For now, I want to observe that going within, sometimes, takes us deeply within - to the world of soul - where we are much less aware (or perhaps even quite unaware) of the phenomenal world around us.

As the light illuminates and activates your conscience it will…let you see things that can’t be seen [by the physical eye], but can be seen by the invisible [source of seeing] within you…And this invisible [source of seeing] is the light inside you, which you have been given a portion of by the one who is invisible. This will let you see your heart. (4)

I would also like to simply note that the inner world is deeply symbolic in character. This doesn’t mean it is unreal, but to treat it as either literally true or complete frothy nonsense won’t get us very far. We need to cultivate our capacity to receive and handle symbolism, which modern Christianity, of all theological stripes, isn’t very good at. The Quaker tradition, despite Fox’s own innate capacity to work with inner symbols, has generally disregarded - and often fulminated against - symbolic liturgy and wisdom.

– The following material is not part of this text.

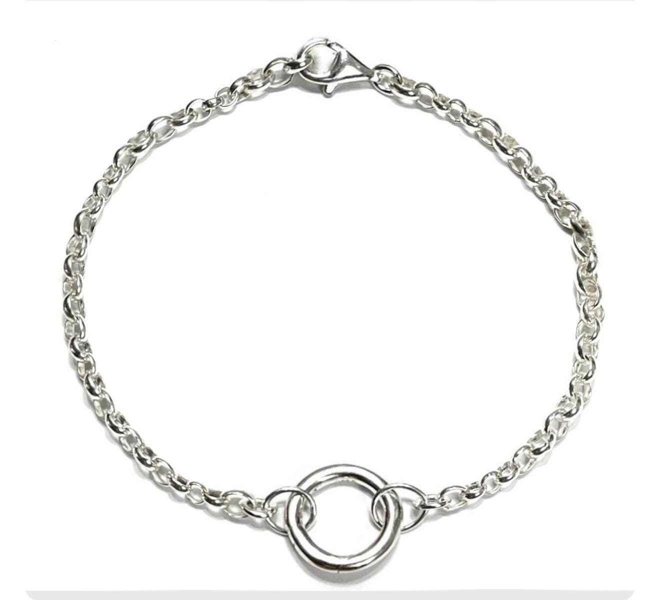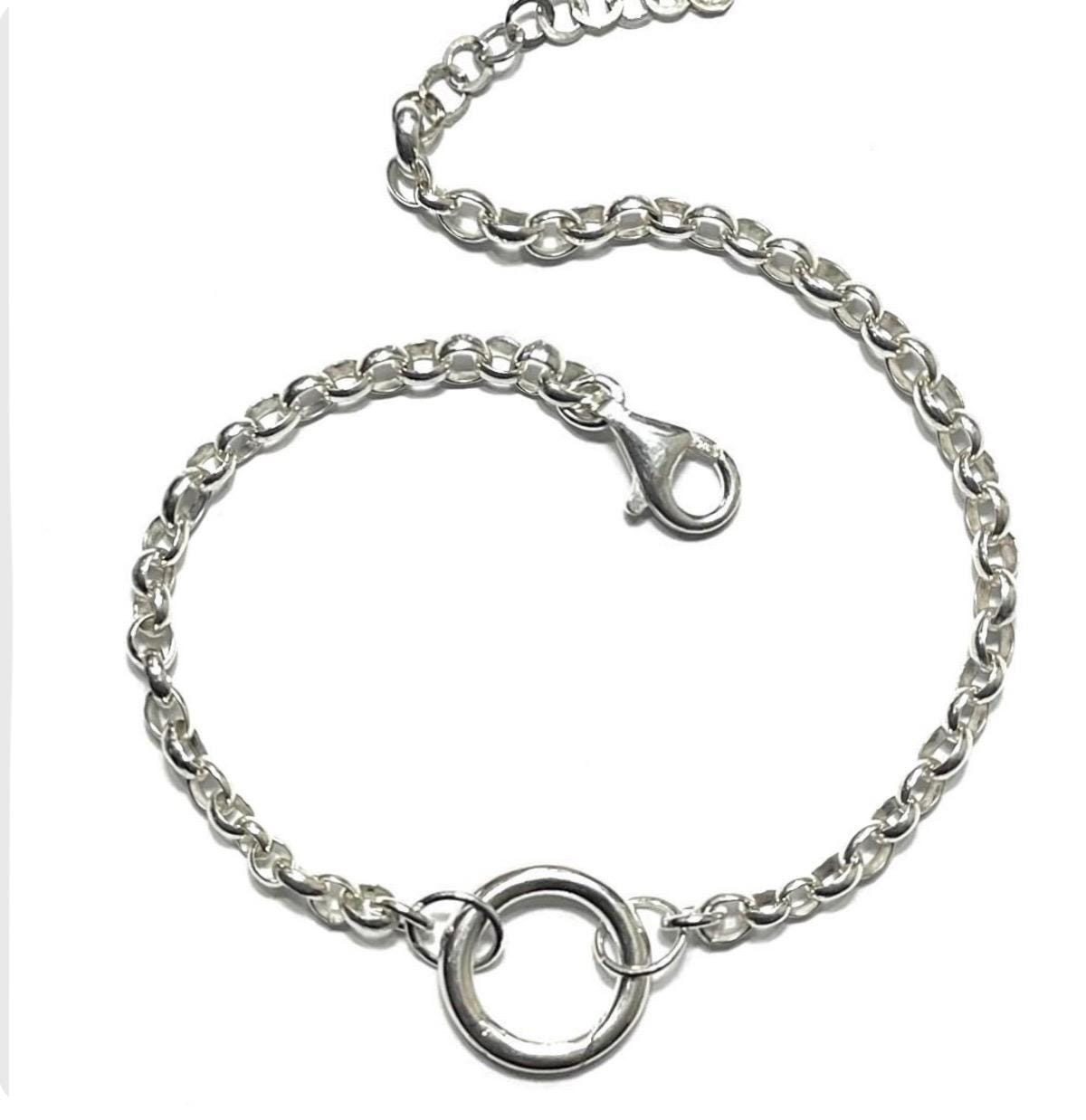 A sterling silver Rolo chain bracelet with a round charm clasp.

In other words, and to link back to the theme of this post (I hope), even our inner soul is full of the Things of the World - of sensible, tangible shapes and textures.

8.

 

And then sometimes we go into the heart of silence and no images come at all. We become very centred and still. A possum calls out in the night.

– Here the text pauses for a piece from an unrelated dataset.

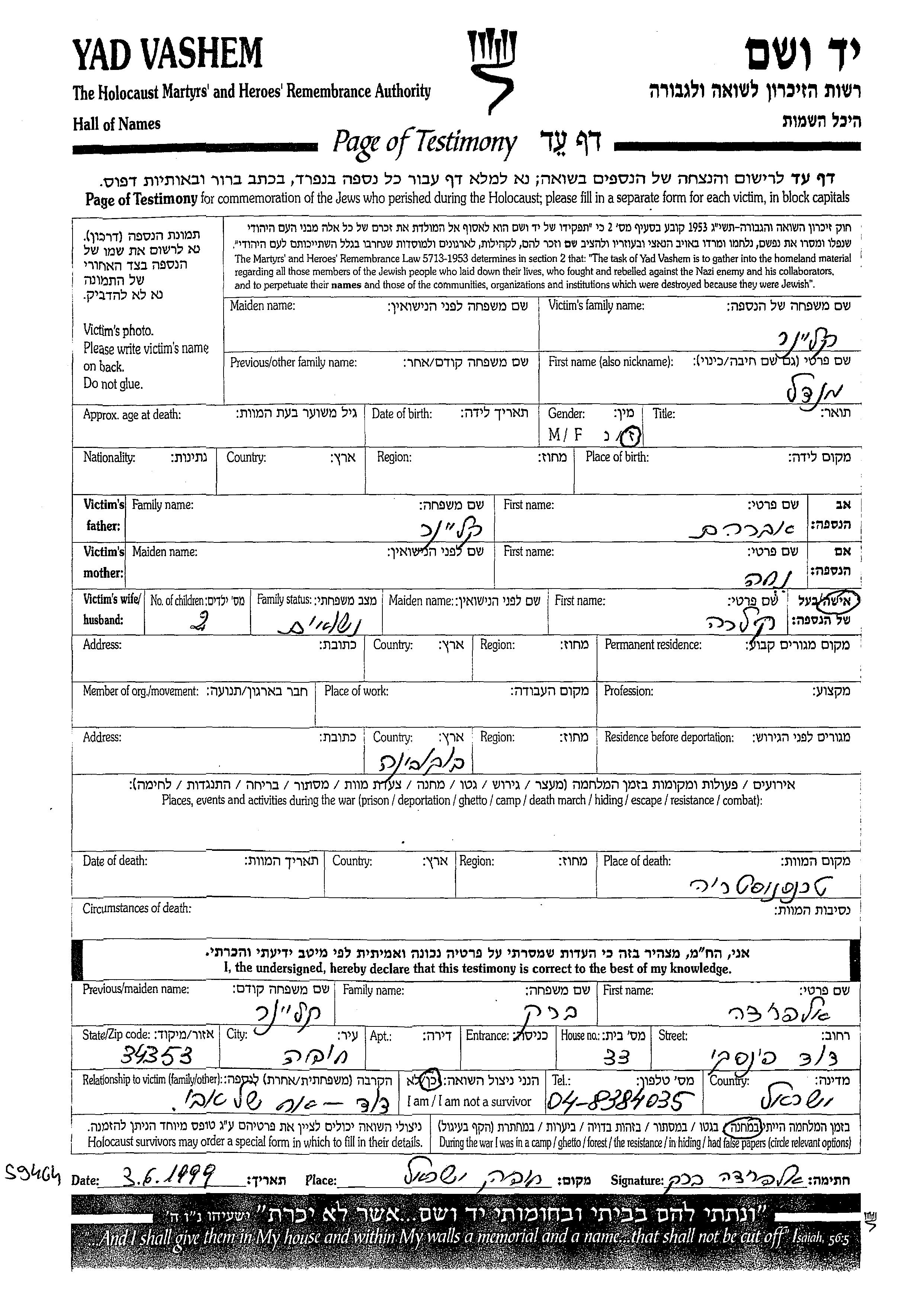 Kleiner | Mendel | endroit inconnu, | Feuille de témoignage | |

Here, the boundary between “inner” and “outer” dissolves, or simply doesn’t exist.

Or: I am simultaneously “within” my body (which many times, of course, being scattered or outwardly focussed, I am not), and I am receiving “the body of the world” as well, hearing the cicadas around me as I type.

This is perhaps where the language and liturgy of the Light Within is less helpful. As one of my beloved Quaker elders once exclaimed in Meeting for Worship, The Light is Within and Without!

6.

 

When the ashbearer smears my forehead, and says:

Dust you are, and to dust you shall return…

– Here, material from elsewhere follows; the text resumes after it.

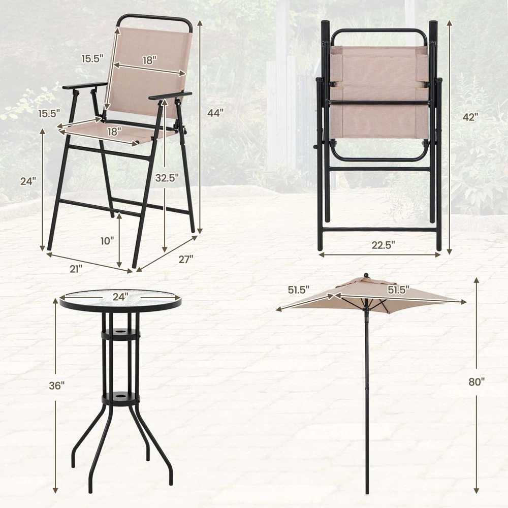 Brand: Costway Color: Beige / Black Chair Size: 21'' x 27'' x 44'' Assembled Product Weight: 38 lb Material: Does not apply Finish: Beige Chair Color: Beige Cushions Included: N Umbrella Size: 51.5'' x 51.5'' x 80'' Number of Items in Set: Four-Piece Set Includes: Table gtin13: 313108298287 Table Size: 24'' x 24'' x 36'' Manufacturer Part Number: NP11358BE Type: Does not apply UPC: 313108298287 Assembled Product Dimensions (L x W x H): 24.00 x 24.00 x 36.00 Inches

I am pierced. I quake. Tears form in my eyes.

It is so humbling and beautiful to be reminded of my essence, and of the sadness that this form will die.

7.

Autumn comes as a whisper. A clump of golden, poplar leaves. Oaks bronzing at their tip-ends…

8.

dust: I am not thinking of bits of dried skin, clay, dirt, and hair.

I think of the cosmic dust, without thinking.

It’s a tremendous homecoming. Tears fall on my lap.

References

(1) George Fox (1652) quoted in Rex Ambler (editor and translator), Truth of the Heart: An anthology of George Fox (2001), p.13.

(2) See, for example, Morton Kelsey, The Other Side of Silence (1976).

(3) Kelsey’s The Other Side of Silence is the best modern work that I know of, and one of the only works that I know of, that speaks about this difficult but also rewarding inner journey, world, and work from a Christian depth perspective. Jungian therapists and depth-oriented psychotherapists are also uniquely trained and experienced in navigating such terrain. One of the early surprises of my Quaker journey was discovering that George Fox knew this territory well, too, and indeed wrote helpfully to many others who were struggling to navigate their spiritual world or inner-seeing capacity. The best collection of Fox’s writings regarding this, that I have found, is Ambler’s anthology and notes (above). The Quaker-based meditation practice of Experiment with Light, created by Ambler out of his contact with the writings of early Friends, is a safe, modern way to encounter and navigate the world of soul. See here for more.

(4) Fox (1647), in Ambler above, pp, 29, 31.